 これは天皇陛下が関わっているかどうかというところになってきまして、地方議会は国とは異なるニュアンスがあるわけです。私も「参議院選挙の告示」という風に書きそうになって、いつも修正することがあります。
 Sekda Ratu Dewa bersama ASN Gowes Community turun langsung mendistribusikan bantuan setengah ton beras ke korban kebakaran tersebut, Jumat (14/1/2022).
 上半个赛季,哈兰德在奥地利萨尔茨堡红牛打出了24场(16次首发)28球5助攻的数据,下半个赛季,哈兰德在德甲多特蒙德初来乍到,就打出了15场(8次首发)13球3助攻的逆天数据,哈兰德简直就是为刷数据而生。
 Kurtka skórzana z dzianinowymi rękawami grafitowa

◆ ◆ ◆ ◆

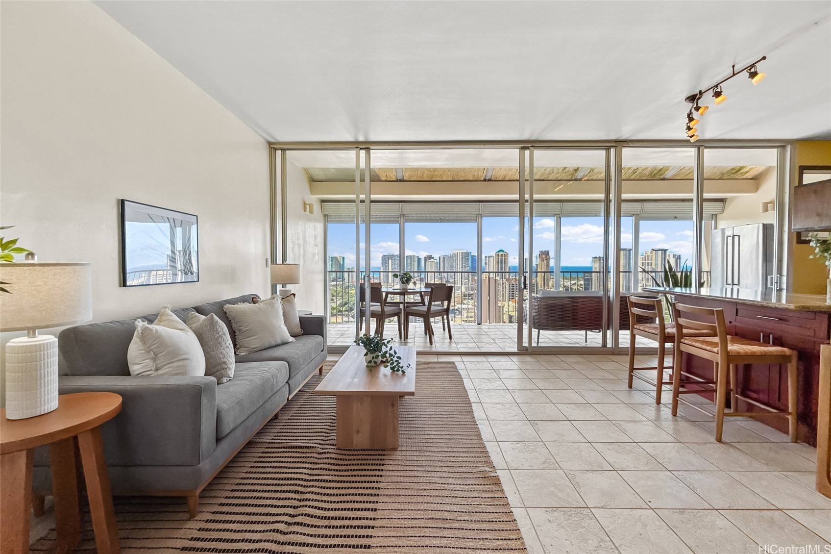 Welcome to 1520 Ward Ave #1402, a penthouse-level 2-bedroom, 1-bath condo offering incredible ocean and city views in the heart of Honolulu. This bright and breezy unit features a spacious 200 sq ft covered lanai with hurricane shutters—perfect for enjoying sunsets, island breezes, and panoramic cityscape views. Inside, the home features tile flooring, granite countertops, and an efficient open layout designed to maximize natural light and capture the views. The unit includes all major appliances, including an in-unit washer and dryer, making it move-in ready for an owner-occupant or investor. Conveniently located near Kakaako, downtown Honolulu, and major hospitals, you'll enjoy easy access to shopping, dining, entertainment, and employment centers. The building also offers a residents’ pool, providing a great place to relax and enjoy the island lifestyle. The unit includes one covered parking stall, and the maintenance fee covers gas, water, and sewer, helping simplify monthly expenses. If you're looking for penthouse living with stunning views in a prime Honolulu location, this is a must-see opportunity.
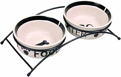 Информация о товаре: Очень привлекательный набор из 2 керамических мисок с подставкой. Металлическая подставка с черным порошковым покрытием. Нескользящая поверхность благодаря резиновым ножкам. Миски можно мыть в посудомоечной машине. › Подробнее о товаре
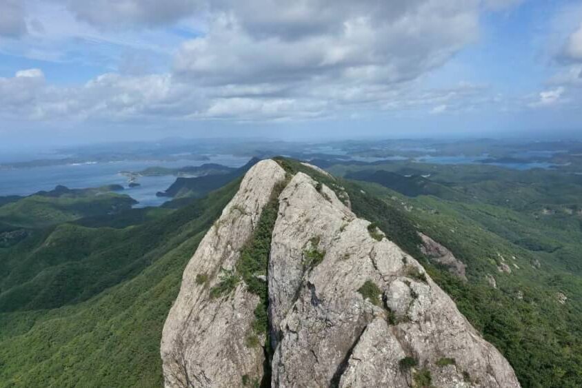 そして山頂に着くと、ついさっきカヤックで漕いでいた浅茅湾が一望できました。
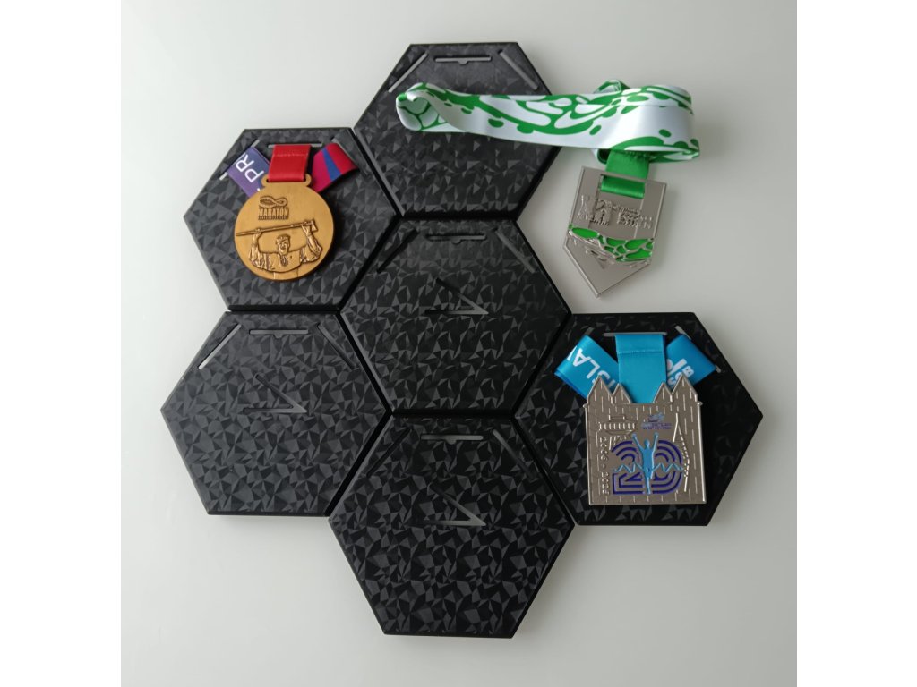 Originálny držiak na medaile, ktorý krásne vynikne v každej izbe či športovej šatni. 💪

◆ ◆ ◆ ◆

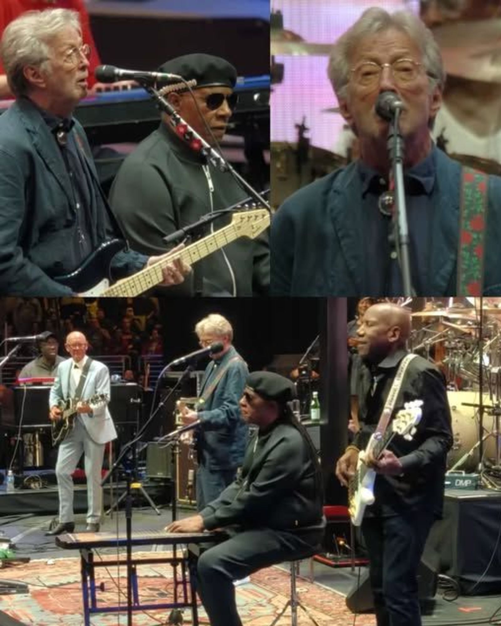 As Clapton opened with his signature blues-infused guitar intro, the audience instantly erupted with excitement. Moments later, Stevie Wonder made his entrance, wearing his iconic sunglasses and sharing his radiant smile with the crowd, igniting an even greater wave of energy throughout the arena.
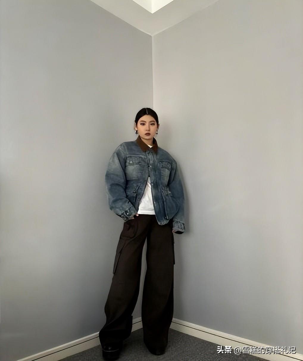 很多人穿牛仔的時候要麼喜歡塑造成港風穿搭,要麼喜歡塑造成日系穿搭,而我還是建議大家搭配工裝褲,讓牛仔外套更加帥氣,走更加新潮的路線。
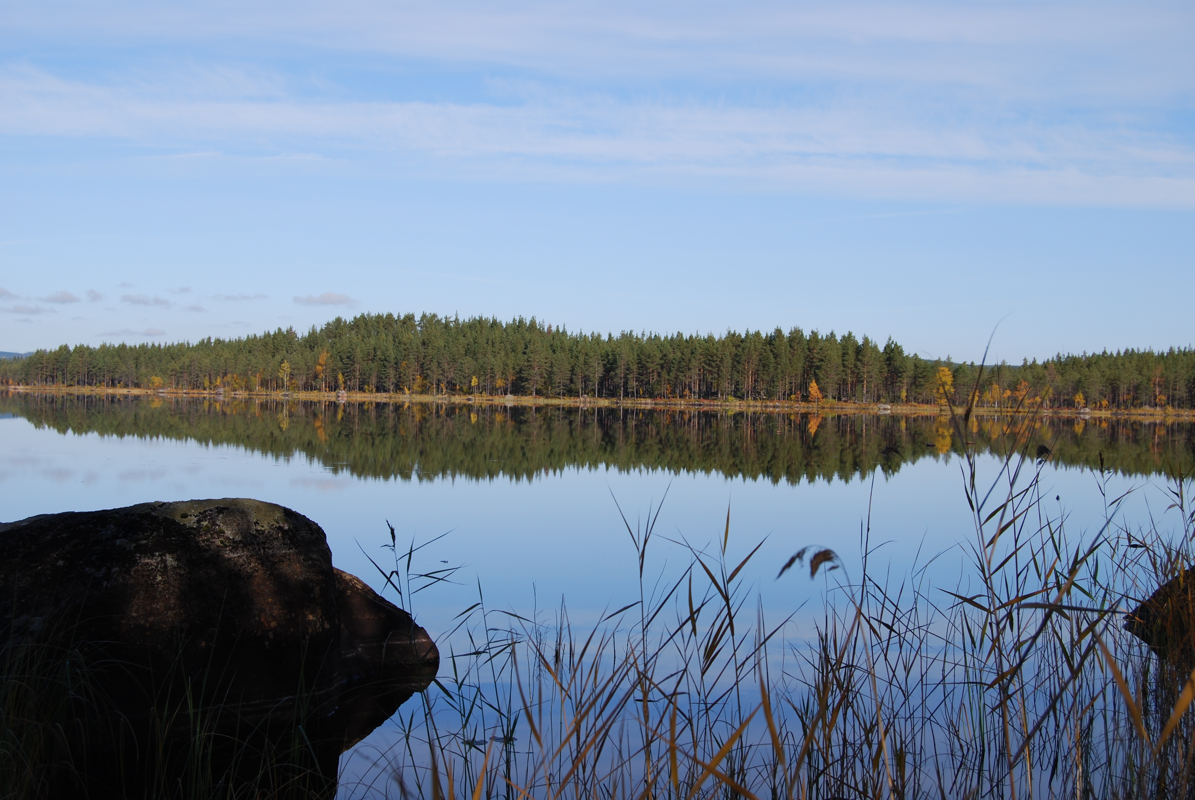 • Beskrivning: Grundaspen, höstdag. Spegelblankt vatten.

◆ ◆ ◆ ◆

After locating the line with "上半个赛季,哈兰德在奥地利萨" above, return that line and every later line through the one with "Kurtka skórzana z", word for word and with nothing else.

> _Task result_:
 上半个赛季,哈兰德在奥地利萨尔茨堡红牛打出了24场(16次首发)28球5助攻的数据,下半个赛季,哈兰德在德甲多特蒙德初来乍到,就打出了15场(8次首发)13球3助攻的逆天数据,哈兰德简直就是为刷数据而生。
 Kurtka skórzana z dzianinowymi rękawami grafitowa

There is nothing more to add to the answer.